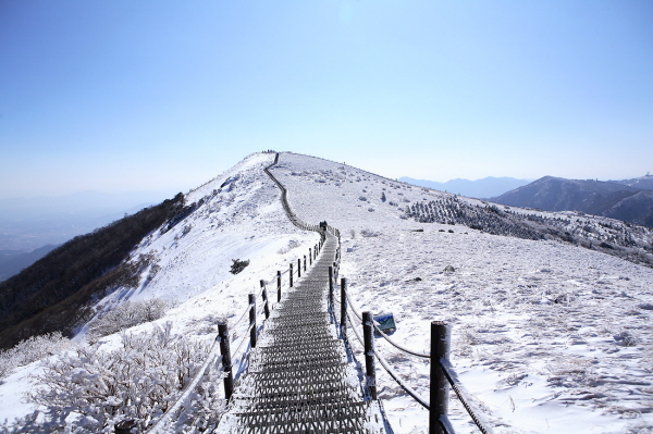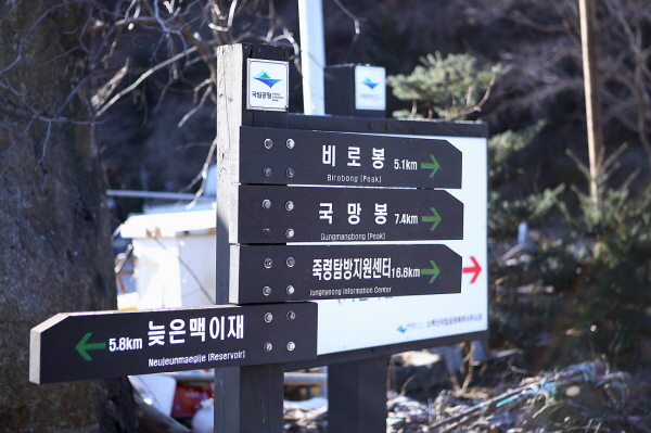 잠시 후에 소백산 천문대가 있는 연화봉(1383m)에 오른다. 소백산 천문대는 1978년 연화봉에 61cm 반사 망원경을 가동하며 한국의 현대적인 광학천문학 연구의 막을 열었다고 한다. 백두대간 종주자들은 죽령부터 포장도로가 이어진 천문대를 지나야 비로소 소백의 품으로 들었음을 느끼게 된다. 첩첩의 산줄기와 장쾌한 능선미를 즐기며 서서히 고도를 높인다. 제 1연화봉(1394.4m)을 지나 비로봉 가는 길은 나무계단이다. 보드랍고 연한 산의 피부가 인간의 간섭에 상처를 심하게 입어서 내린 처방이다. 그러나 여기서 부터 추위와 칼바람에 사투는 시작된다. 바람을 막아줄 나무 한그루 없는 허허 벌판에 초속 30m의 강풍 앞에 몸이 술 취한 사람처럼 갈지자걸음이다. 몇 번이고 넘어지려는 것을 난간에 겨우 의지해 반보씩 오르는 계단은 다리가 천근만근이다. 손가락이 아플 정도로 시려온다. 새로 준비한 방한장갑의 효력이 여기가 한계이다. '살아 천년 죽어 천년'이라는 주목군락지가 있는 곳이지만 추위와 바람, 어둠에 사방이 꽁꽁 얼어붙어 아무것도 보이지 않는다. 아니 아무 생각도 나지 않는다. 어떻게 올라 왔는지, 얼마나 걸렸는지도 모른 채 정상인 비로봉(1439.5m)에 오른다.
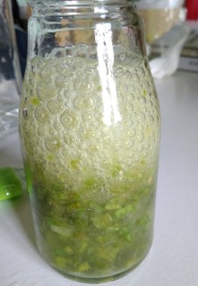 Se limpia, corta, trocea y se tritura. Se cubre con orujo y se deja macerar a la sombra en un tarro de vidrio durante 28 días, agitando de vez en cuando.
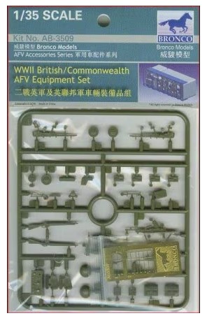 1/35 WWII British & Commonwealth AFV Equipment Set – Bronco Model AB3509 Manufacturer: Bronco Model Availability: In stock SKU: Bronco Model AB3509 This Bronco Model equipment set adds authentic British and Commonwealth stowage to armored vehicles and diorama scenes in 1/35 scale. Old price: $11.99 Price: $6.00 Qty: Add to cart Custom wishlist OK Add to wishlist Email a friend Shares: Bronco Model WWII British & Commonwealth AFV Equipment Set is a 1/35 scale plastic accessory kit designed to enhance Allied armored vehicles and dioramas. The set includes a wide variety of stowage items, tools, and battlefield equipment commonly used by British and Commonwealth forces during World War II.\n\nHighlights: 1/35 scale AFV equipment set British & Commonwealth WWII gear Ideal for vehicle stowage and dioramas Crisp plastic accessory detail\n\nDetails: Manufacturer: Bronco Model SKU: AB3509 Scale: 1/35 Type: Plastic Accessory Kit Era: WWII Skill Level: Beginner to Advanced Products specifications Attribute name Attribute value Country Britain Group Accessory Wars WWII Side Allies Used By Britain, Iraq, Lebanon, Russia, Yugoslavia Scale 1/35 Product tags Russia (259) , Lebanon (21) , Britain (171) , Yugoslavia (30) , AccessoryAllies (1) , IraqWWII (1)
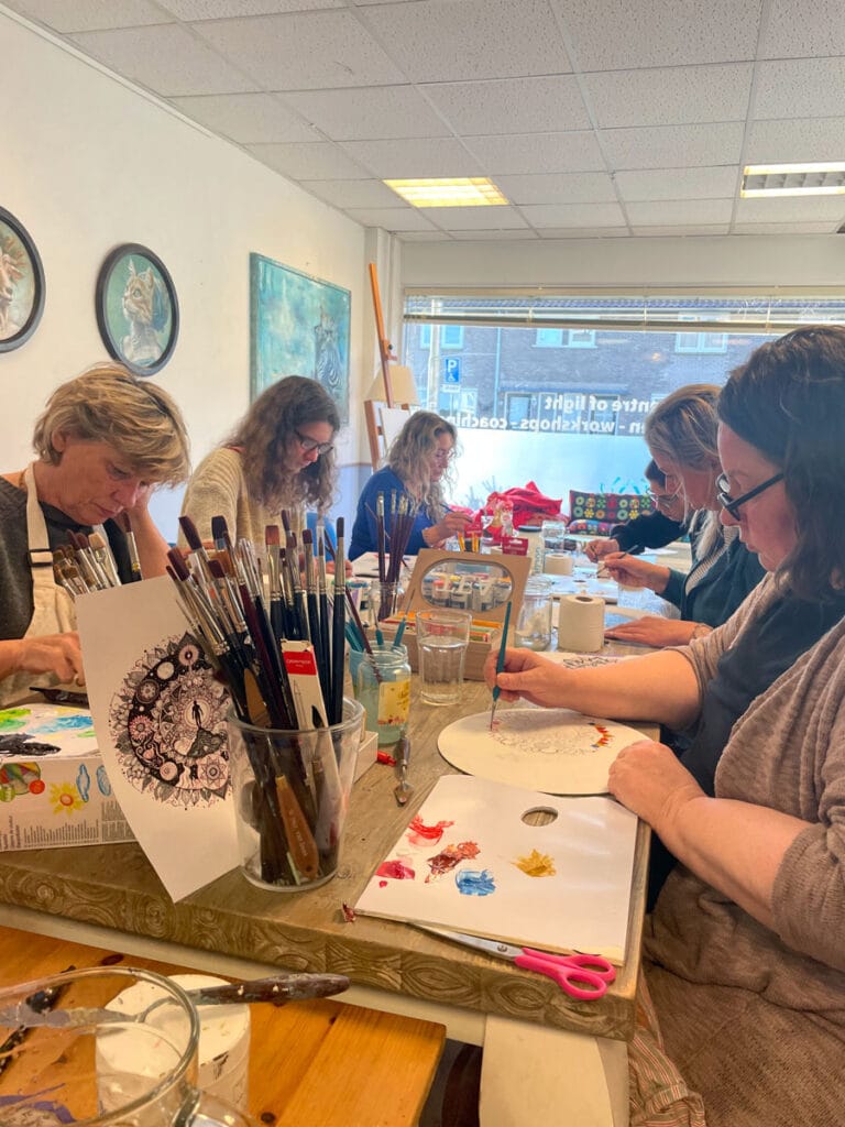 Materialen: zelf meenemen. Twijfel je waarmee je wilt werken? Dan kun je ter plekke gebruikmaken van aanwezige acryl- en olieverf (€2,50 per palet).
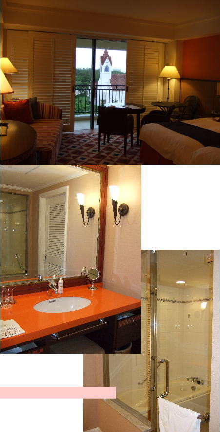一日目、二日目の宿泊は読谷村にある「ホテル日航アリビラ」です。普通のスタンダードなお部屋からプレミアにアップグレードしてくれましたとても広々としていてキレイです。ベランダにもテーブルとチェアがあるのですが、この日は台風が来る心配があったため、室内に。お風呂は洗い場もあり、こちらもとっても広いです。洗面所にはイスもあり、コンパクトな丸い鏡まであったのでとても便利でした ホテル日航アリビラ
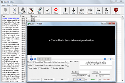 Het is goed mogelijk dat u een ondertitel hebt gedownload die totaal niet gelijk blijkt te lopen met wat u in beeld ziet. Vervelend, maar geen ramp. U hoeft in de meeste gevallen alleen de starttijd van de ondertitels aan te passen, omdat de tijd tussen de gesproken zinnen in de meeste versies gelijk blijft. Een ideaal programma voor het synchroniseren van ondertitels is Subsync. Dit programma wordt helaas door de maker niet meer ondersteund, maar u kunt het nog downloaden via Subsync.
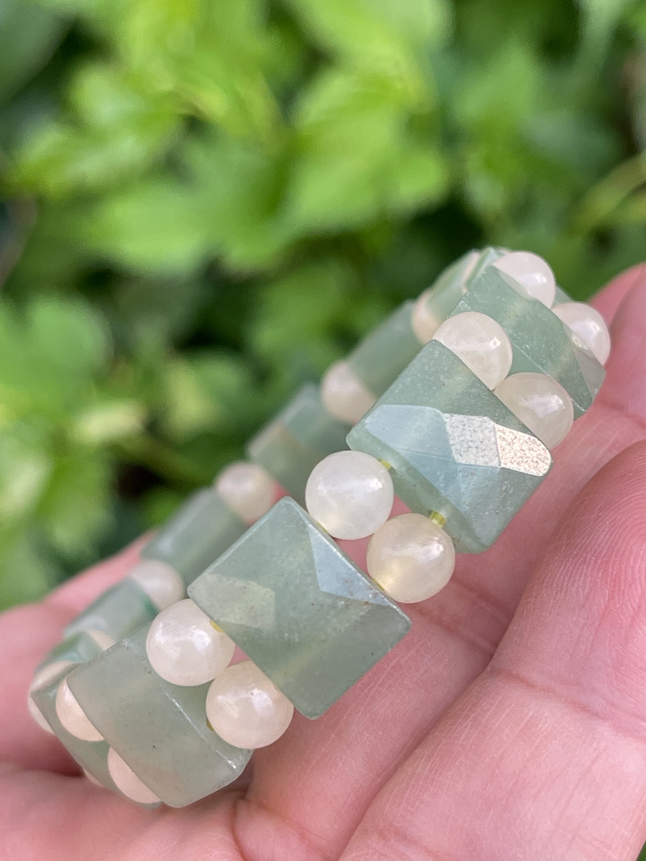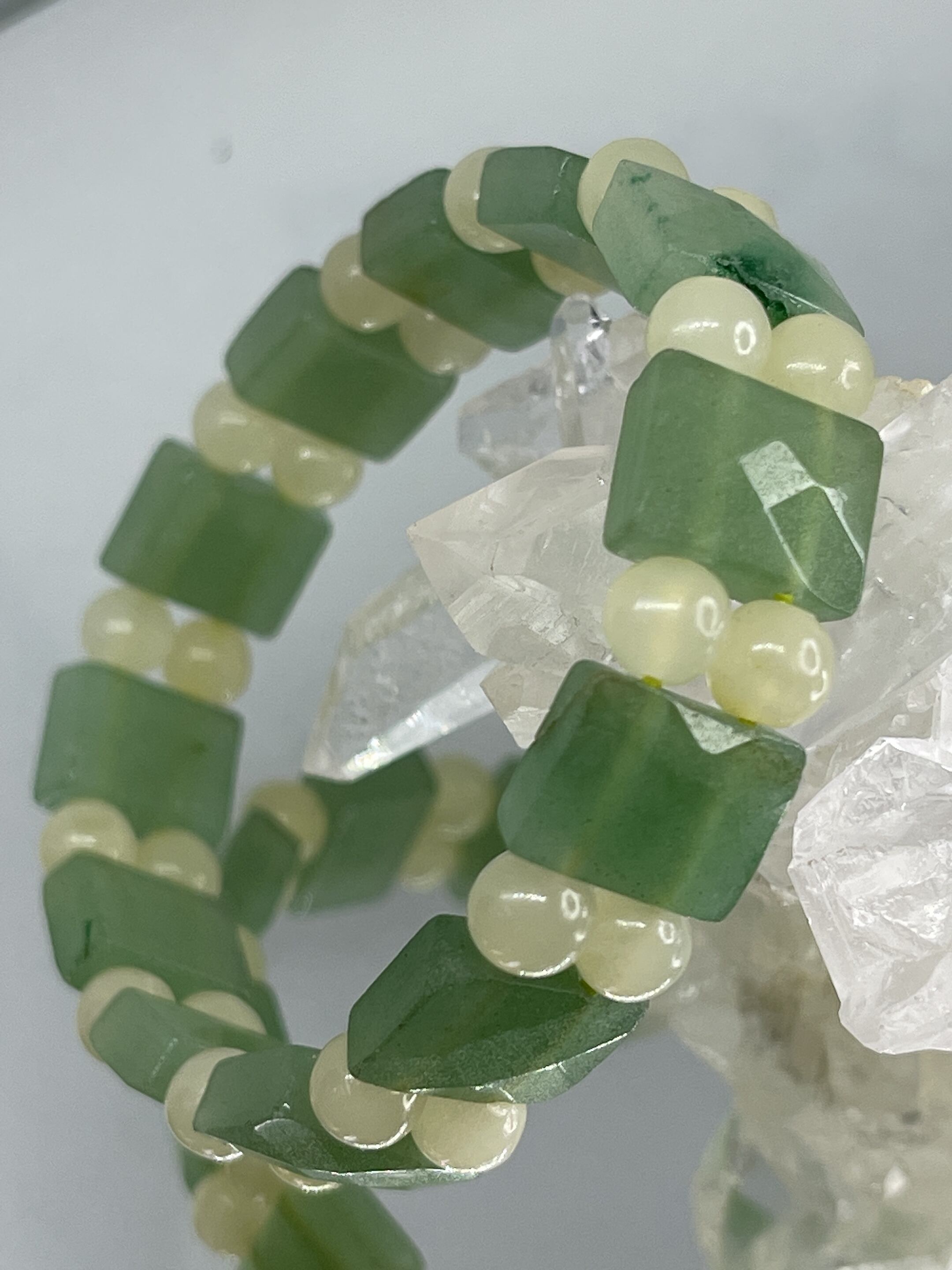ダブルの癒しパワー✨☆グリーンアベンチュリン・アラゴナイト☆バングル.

###

EXERCISE DIRECTIONS:
The answer consists solely of the lines from the one holding "一日目、二日目の宿泊は読谷村" through the last line of the entries above, set down verbatim, without any pictures.

REPLY TO THE EXERCISE:
一日目、二日目の宿泊は読谷村にある「ホテル日航アリビラ」です。普通のスタンダードなお部屋からプレミアにアップグレードしてくれましたとても広々としていてキレイです。ベランダにもテーブルとチェアがあるのですが、この日は台風が来る心配があったため、室内に。お風呂は洗い場もあり、こちらもとっても広いです。洗面所にはイスもあり、コンパクトな丸い鏡まであったのでとても便利でした ホテル日航アリビラ
 Het is goed mogelijk dat u een ondertitel hebt gedownload die totaal niet gelijk blijkt te lopen met wat u in beeld ziet. Vervelend, maar geen ramp. U hoeft in de meeste gevallen alleen de starttijd van de ondertitels aan te passen, omdat de tijd tussen de gesproken zinnen in de meeste versies gelijk blijft. Een ideaal programma voor het synchroniseren van ondertitels is Subsync. Dit programma wordt helaas door de maker niet meer ondersteund, maar u kunt het nog downloaden via Subsync.
ダブルの癒しパワー✨☆グリーンアベンチュリン・アラゴナイト☆バングル.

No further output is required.